空室四号

ゲームコラム中心雑記ブログ

ドラクエ11の評価は結局どうなっていくのか――発売から数日経っての感想

ドラクエ11が発売して数日が経ちました。私も少しずつプレイしています。

私は今までの記事でも語ってきた通り、正直ドラクエ11にはあまり期待していなかったのですが……結果的にRPGにのめり込んだのは久しぶりかも、と思うくらい楽しめてます。

これは、ドラクエ11が間違いなく「ドラクエ」だったからだと思うんですよね。

 

近年、JRPGや和ゲーへの不信感を抱いていたゲーマーは少なくないと思います。

「あの名作○を生んだ●がおくる!」という謳い文句と共に大作が発表されると、メディア評価を巻き込むような形で盛り上がりはするのですが、実際発売してプレイしてみると「言うほどいいか?」という微妙な出来……そんな状態を何度も経験したのは私だけではないはずです。

こういった失望や猜疑心というのは昔から慣れ親しんできたタイトルやブランドということで過剰に期待をしてしまう裏返しというのももちろんありますが、やはり和ゲーというブランドは一時期に比べ実際に「バランス感覚」のようなものを確実に欠いたような気がしています。あるいはただ資金が足りなくなったのか。

そしてなんとなく、今回のドラクエ11にも発売前のメディア情報を見て同じ嫌な雰囲気を感じていたのです。

 

感想として、やはり作品としてのバランスを欠いているのは確かだと思います。おそらくドラクエをあまり知らない方や海外ゲーマーからしてみたらあまりいい評価は得られないのではないかと思います。システムが不便だったり、古くさかったり。
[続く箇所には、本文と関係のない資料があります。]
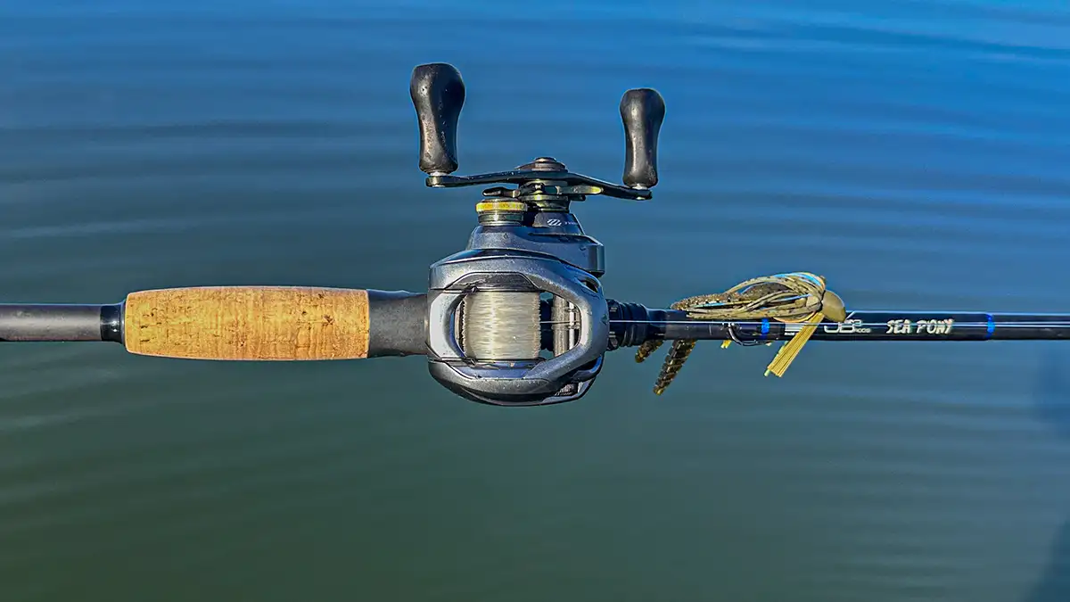 For a reel, one with a deep spool and high gear ratio is ideal for this scenario. The deep spool allows for lots of heavy gauge line. This leads to longer casts and a faster retrieval speed. The high gear ratio allows you to quickly pick up line when fighting fish to the boat. It also helps deliver a better hookset after being slack lined by a bass. One of my go to reels for fishing a jig offshore is the Shimano Curado 200 DC in the 8:1 gear ratio.

しかしドラクエに一度ハマったことがある方なら、不思議とかなり面白い作品だと感じると思います。

 

小説作法には「良い文章は読み手の記憶や体験を呼び起こす」というものがありますが、まさにこのドラクエ11は、プレイすると「プレイヤーのあの頃の楽しいドラクエ体験」を呼び起こすものとなっているのです。

序盤は演出等で現代のキッズ向けかな、と感じる部分が目立ちますが、我々が主人公と共に「もうひとつの世界」を垣間見たあたりからグイグイと物語に引き込まれ、「あ、これはドラクエだ!」という喜びと共にどんどん熱中してしまう。

 

とにかくゲームとして、現代のRPGとしての作品バランスは欠いているけれど、それは「ドラクエっぽさ」に全振りしたゲームだから。いや、本当にドラクエのナンバリングタイトルなんだから当たり前なんですけど。

でも最近はそういった「ナンバリングタイトルのはずの作品」に裏切られてきた人も多いのではないかと。

でもドラクエ11は大丈夫です。とても面白いです。万人には勧められないけれど、ドラクエにハマったことがある人は是非。